WriteSourceTableTask

WriteSourceTableTask converts table of sources measured on a calexp (dataset src) to a parquet file. All data is copied without transformation, and column names are unchanged, except for the "id" column, which is replaced by a DataFrame index.

It is the first of three postprocessing tasks to convert a src table to a per-visit Source Table that conforms to the standard data model. The second is TransformSourceTableTask, and the third is ConsolidateSourceTableTask.

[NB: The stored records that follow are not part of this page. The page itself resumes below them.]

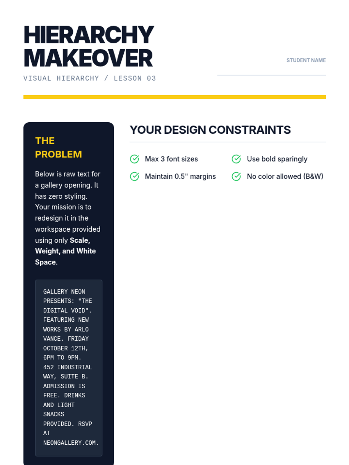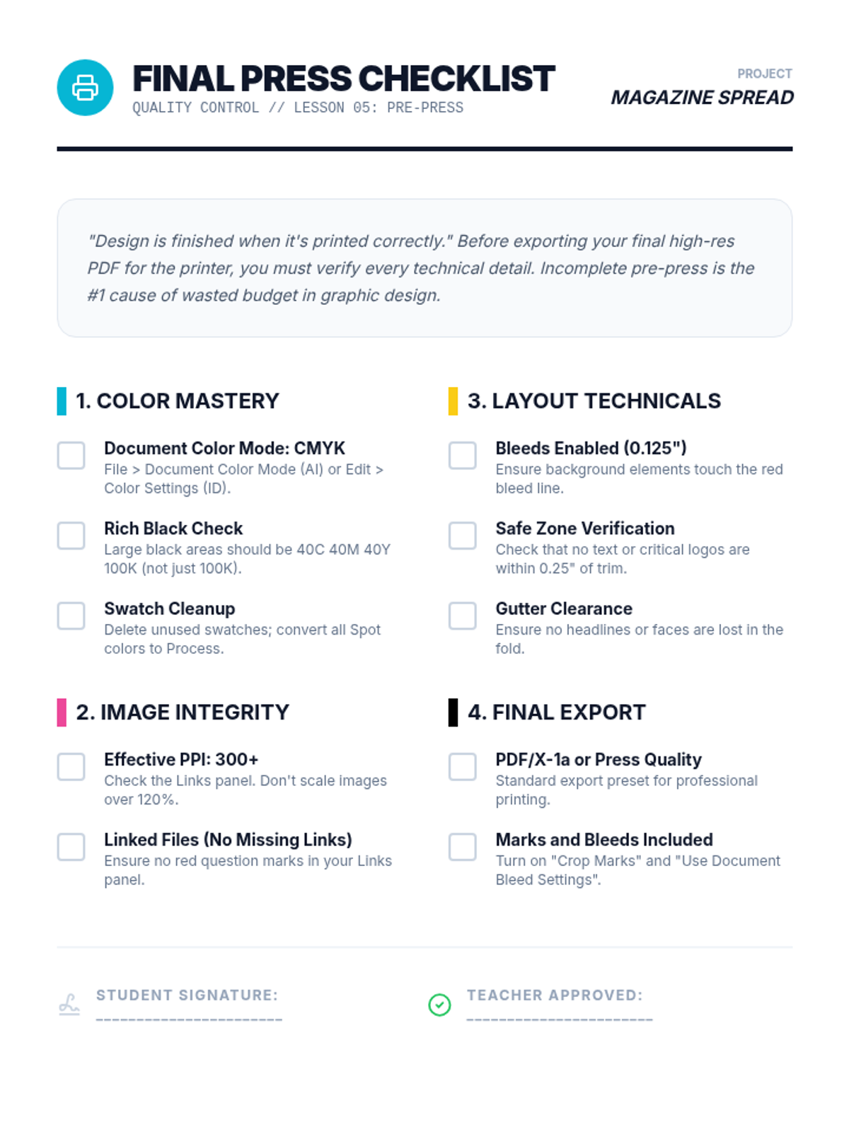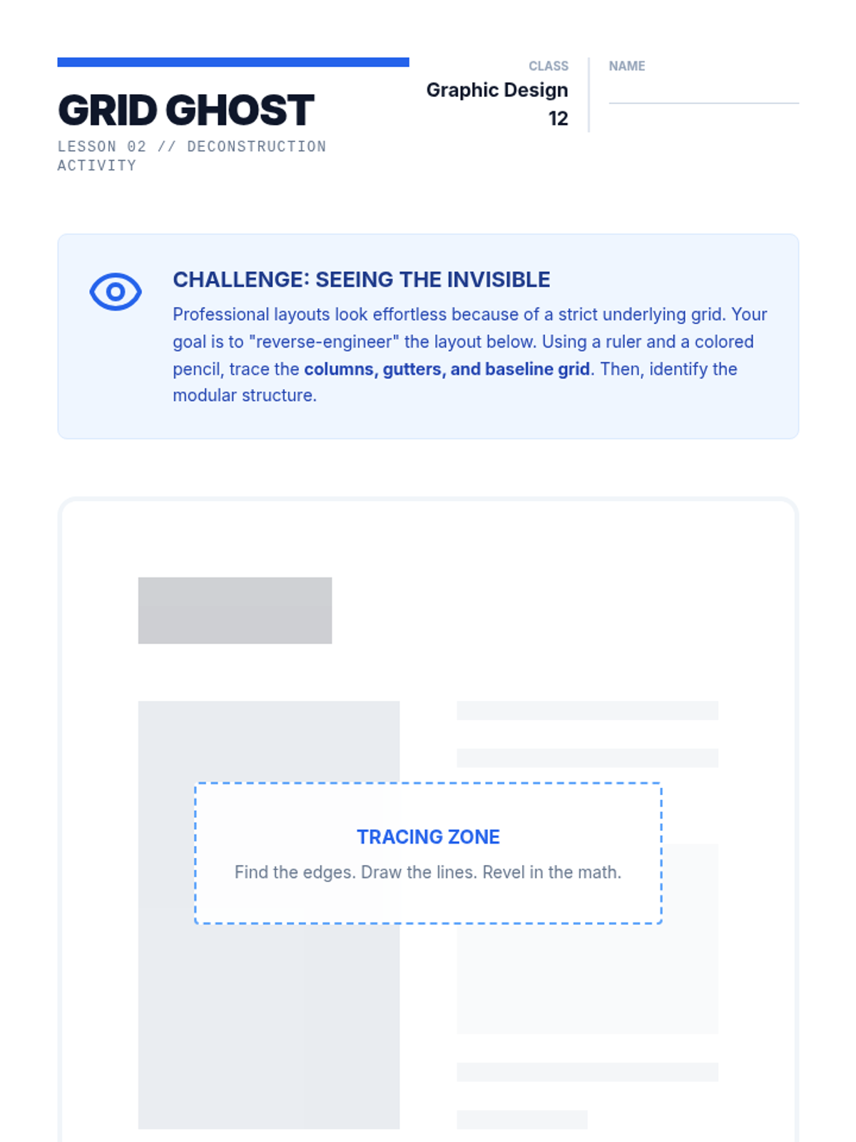 A workshop-intensive sequence for 12th-grade students focused on editorial design, grid systems, micro-typography, and pre-press production. Students learn to master the technical and structural details of layout to influence user experience and information flow.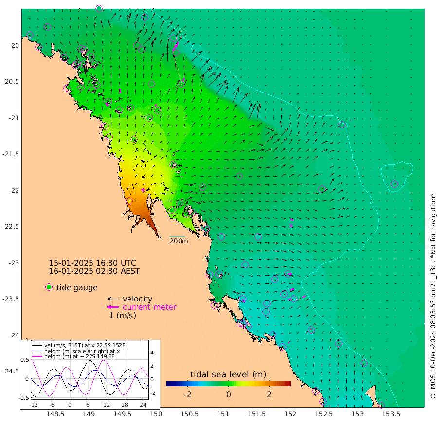 36cm/s -14T +10cm/s rms + 2cm/s 5T. Brampton I 18m 41cm/s -8T +9cm/s rms + 6cm/s 66T. Wigton I 38m 24cm/s 30T +7cm/s rms + 8cm/s 141T. Tern I 47m 48cm/s 15T +7cm/s rms + 12cm/s 54T. N Bugatti Rf 64m 62cm/s 34T +3cm/s rms + 13cm/s 178T. W Bugatti Rf 70m 28cm/s 20T +3cm/s rms + 3cm/s -130T. Creal Rf 69m 33cm/s 89T +7cm/s rms + 4cm/s 2T. North Rf 62m 34cm/s 144T +9cm/s rms + 2cm/s -56T. Cape Capricorn 26m 9cm/s 21T +5cm/s rms + 3cm/s 166T. L Musgrave I 42m 7cm/s 70T +9cm/s rms + 1cm/s -142T. Round Hill Hd 26m 5cm/s 40T +41cm/s rms + 48cm/s 116T. GBRELR 305m 30cm/s 103T +7cm/s rms + 6cm/s 123T. GBRCCH 92m 41cm/s 74T +8cm/s rms + 3cm/s -33T. GBRHIN 45m 25cm/s 82T +4cm/s rms + 2cm/s 41T. GBRHIS 46m 30cm/s 60T +16cm/s rms + 4cm/s -22T. GBROTE 59m -45cm Bell Cay -62cm Holbourne I -3cm Tern I -45cm Bugatti Rf -24cm Creal Rf -61cm White Tip I -90cm North Rf -106cm Rundle I -83cm L Musgrave I -82cm Saumarez Reef -71cm Kennedy Reef -74cm Unnamed Reef No. 2 -60cm Abbot Point -51cm Bowen -31cm Tideway Reef -43cm Hayman Island -33cm Square Reef -39cm Double Bay -34cm Molle Island -23cm Cid Harbour -37cm Hook Island -25cm Border Island -13cm Haslewood Island -22cm Shute Harbour 6cm Thomas Island -11cm Credlin Reef 17cm East Repulse Island 9cm Blacksmith Island 26cm Laguna Quays 8cm Carlisle Island (Off) 17cm St. Bees Island 6cm Scawfell Island 0cm Penrith Island 31cm Mackay Outer Harbour 34cm Hay Point 21cm Prudhoe Island -15cm Middle Island (Percy Isles) -42cm Gannet Cay -73cm Elusive Reef 127cm Mcewin Islet -42cm Mumford Island -4cm Osborn Island 4cm Marquis Island -5cm Reef Point -33cm High Peak Island -72cm Port Clinton -93cm Peaked Island -94cm Karamea Bank -97cm Johnson Patch - NW -98cm Rosslyn Bay -103cm Middle Island (Keppel Isles) -97cm Port Alma -95cm Heron Island -111cm One Tree Islet -104cm Polmaise Reef -90cm Tryon Island -99cm Rock Cod Shoal -94cm Gatcombe Head -96cm Gladstone -101cm South Trees (Storm Surge) -106cm Clews Point -95cm Round Hill Head -82cm Lady Elliot Island -80cm Breaksea Spit -99cm Bundaberg (Burnett Heads) -104cm Elliot Heads -63cm Waddy Point (Fraser Island)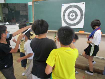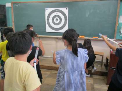 空気鉄砲を作ってチーム対抗で的あてゲームをしました。子どもたちは大盛り上がりでした!

WriteSourceTableTask is available as a command-line task, writeSourceTable.py.

Processing summary

WriteSourceTableTask reads in the src table, calls its asAstropy method to produce a DataFrame, and writes it out in parquet format.

writeSourceTable.py command-line interface

writeSourceTable.py REPOPATH [@file [@file2 ...]] [--output OUTPUTREPO | --rerun RERUN] [--id] [other options]

Key arguments:

REPOPATH
The input Butler repository’s URI or file path.

Key options:

--id:
The data IDs to process.

See also

See Command-line task argument reference for details and additional options.

Python API summary

from lsst.pipe.tasks.postprocess import WriteSourceTableTask
classWriteSourceTableTask(*, config: Optional[PipelineTaskConfig] = None, log: Optional[Union[logging.Logger, LsstLogAdapter]] = None, initInputs: Optional[Dict[str, Any]] = None, **kwargs)

Write source table to parquet...

attributeconfig

Access configuration fields and retargetable subtasks.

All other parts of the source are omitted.